**Supplied information:**
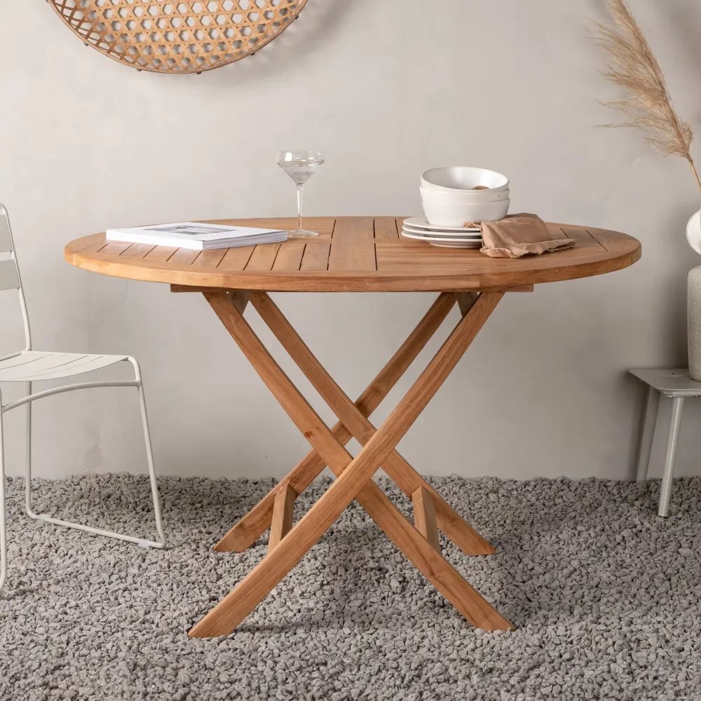 Nohr Eettafels Voor In Je Tuin|Ronde Tuintafel Amberia Teakhout, 120cm Naturel
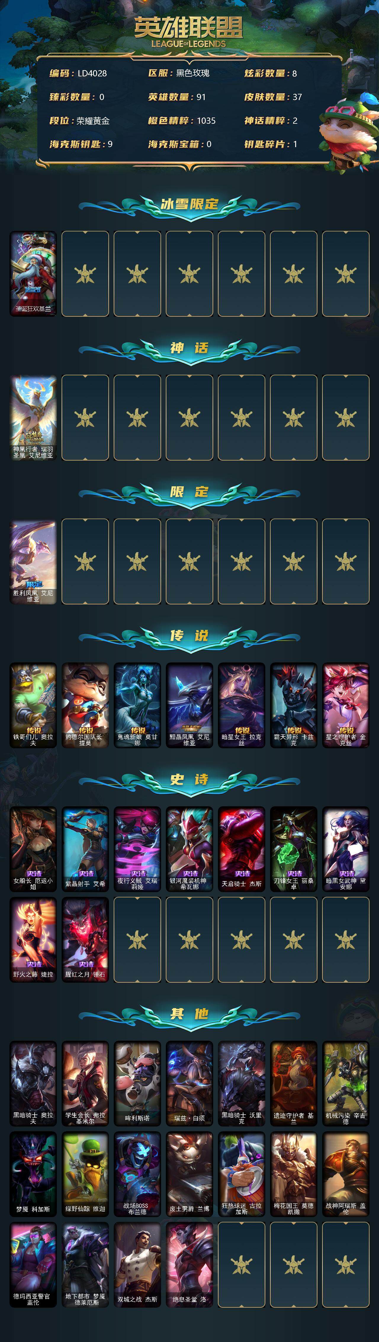 【LD4028】91英雄/37皮肤/1神话/2限定/8炫彩/7传说/9史诗/黄金/圣诞狂欢基兰/神凰行者瑞羽圣凰艾尼维亚/胜利凤凰艾尼维亚/铁哥们儿奥拉夫/约德尔国队长提莫/鬼魂新娘莫甘娜/黯晶凤凰艾尼维亚/暗星女王拉克丝/霸天异形卡兹克/星之守护者金克丝/女船长厄运小姐/紫晶射手艾希/夜行义贼艾瑞莉娅/银河魔装机神希瓦娜/天启骑士杰斯/刀锋女王丽桑卓/暗黑女武神黛安娜/野火之藤婕拉/腥红之月锤石/黑暗骑士奥拉夫/学生会长弗拉基米尔/哞利斯塔/瑞兹白须/黑暗骑士沃里克/遗迹守护者基兰/机械污染辛吉德/梦魇科加斯/绿野仙踪维迦/战场BOSS布兰德/废土男爵兰博/狂热球迷古拉加斯/梅花国王莫德凯撒/战神阿瑞斯盖伦/德玛西亚警官盖伦/地下都市梦魇德莱厄斯/双城之战杰斯/绝息圣堂洛【按大区: 电信】
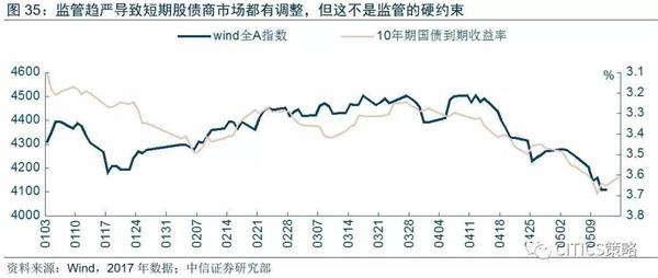 先来看利率上行的节奏;我们前面分析过金融监管挤压渠道、限制套利、去化杠杆:监管的节奏基本决定了未来利率的波动节奏。那么要理解监管的节奏和约束必须理解以下几个层次的内涵:
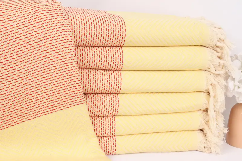 Diamond Battaniye Kırmızı-Sarı Pamuklu Atma, Dokuma, 79x91 İnç
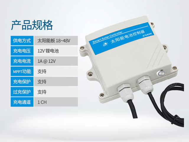 太阳能充电控制器是连接太阳能电池板和电池组之间的设备,太阳能板的产生的电能,通过控制器转化成适合外部设备使用的电压,此外控制器还可以确保对电池组进行正确充电并防止过度充电。可广泛应用于农业物联网设备供电或者其他户外用电设备供电的应用场景。
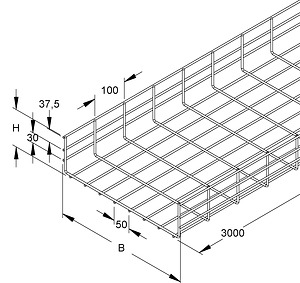 Gitterrinne, nach DIN EN 61537, aus Stahldraht, verstärkte Ausführung, Stoßstellenverbinder müssen gesondert bestellt werden.
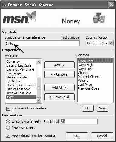 Step3:在“Properties”区域可以设置查询股票的报价类型,比如在“Available”中可以选择“Change”(涨跌)、“Day's High”(最高点)、“Day's Low”(最低点)、“Last Price”(收盘价)、“Open Price”(开盘价)、“Previous Close”(昨日收盘价)、“Volume”(交易量)、“Percent Change”(涨跌幅),在“Selected”区域可以单击“Up”或“Down”按钮调整其位置;在“Destination”区域可以设置股票行情数据插入的目标位置。最后,单击“OK”按钮来插入股票行情数据(图5)。
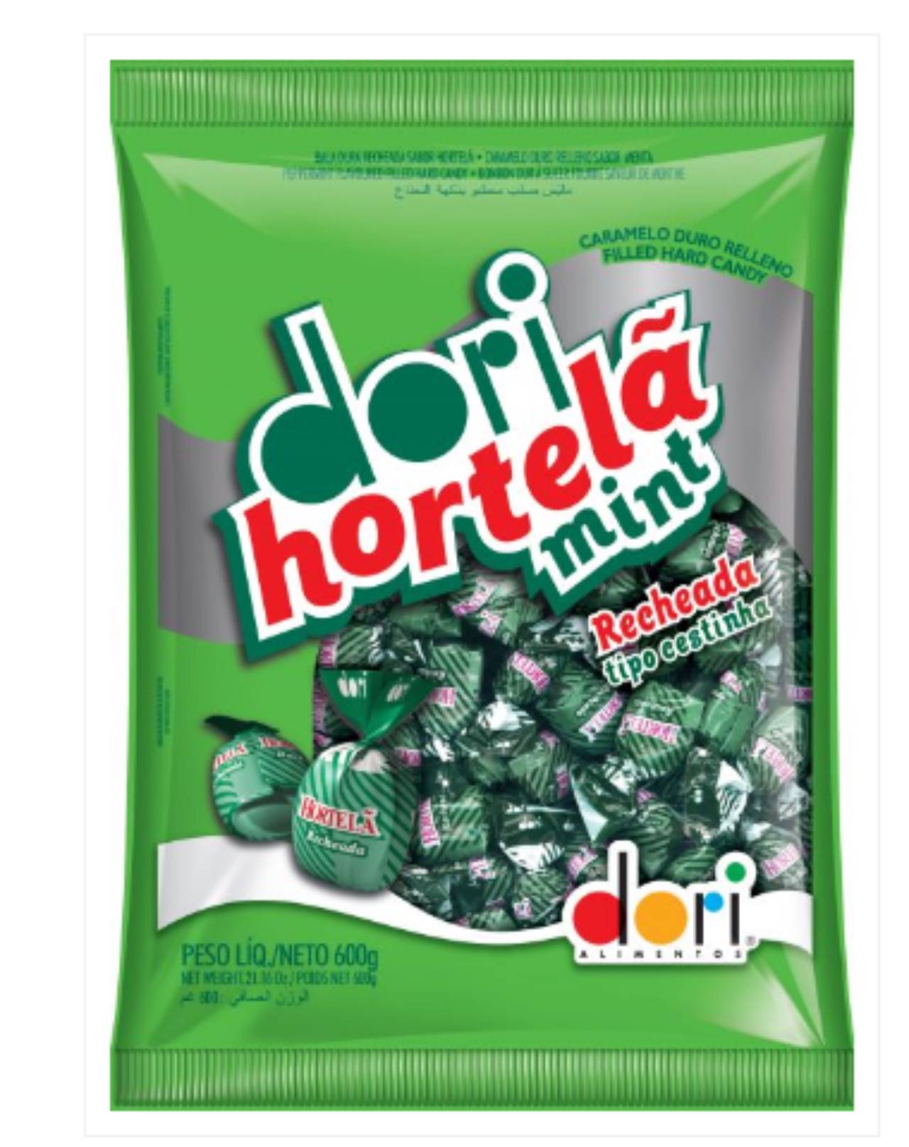 Bala dura recheada sabor hortelã. Deliciosa opção para deixar dias mais doces ou decorar mesas de aniversário ou compor lembrancinhas. Pacote de 600g com aproximadamente 120 unidades.

**Instructions for the task:** Output the lines of the data exactly, starting at the first and ending with the line that has "Gitterrinne, nach DIN". Pictures are not part of it.

**Output below:**
 Nohr Eettafels Voor In Je Tuin|Ronde Tuintafel Amberia Teakhout, 120cm Naturel
 【LD4028】91英雄/37皮肤/1神话/2限定/8炫彩/7传说/9史诗/黄金/圣诞狂欢基兰/神凰行者瑞羽圣凰艾尼维亚/胜利凤凰艾尼维亚/铁哥们儿奥拉夫/约德尔国队长提莫/鬼魂新娘莫甘娜/黯晶凤凰艾尼维亚/暗星女王拉克丝/霸天异形卡兹克/星之守护者金克丝/女船长厄运小姐/紫晶射手艾希/夜行义贼艾瑞莉娅/银河魔装机神希瓦娜/天启骑士杰斯/刀锋女王丽桑卓/暗黑女武神黛安娜/野火之藤婕拉/腥红之月锤石/黑暗骑士奥拉夫/学生会长弗拉基米尔/哞利斯塔/瑞兹白须/黑暗骑士沃里克/遗迹守护者基兰/机械污染辛吉德/梦魇科加斯/绿野仙踪维迦/战场BOSS布兰德/废土男爵兰博/狂热球迷古拉加斯/梅花国王莫德凯撒/战神阿瑞斯盖伦/德玛西亚警官盖伦/地下都市梦魇德莱厄斯/双城之战杰斯/绝息圣堂洛【按大区: 电信】
 先来看利率上行的节奏;我们前面分析过金融监管挤压渠道、限制套利、去化杠杆:监管的节奏基本决定了未来利率的波动节奏。那么要理解监管的节奏和约束必须理解以下几个层次的内涵:
 Diamond Battaniye Kırmızı-Sarı Pamuklu Atma, Dokuma, 79x91 İnç
 太阳能充电控制器是连接太阳能电池板和电池组之间的设备,太阳能板的产生的电能,通过控制器转化成适合外部设备使用的电压,此外控制器还可以确保对电池组进行正确充电并防止过度充电。可广泛应用于农业物联网设备供电或者其他户外用电设备供电的应用场景。
 Gitterrinne, nach DIN EN 61537, aus Stahldraht, verstärkte Ausführung, Stoßstellenverbinder müssen gesondert bestellt werden.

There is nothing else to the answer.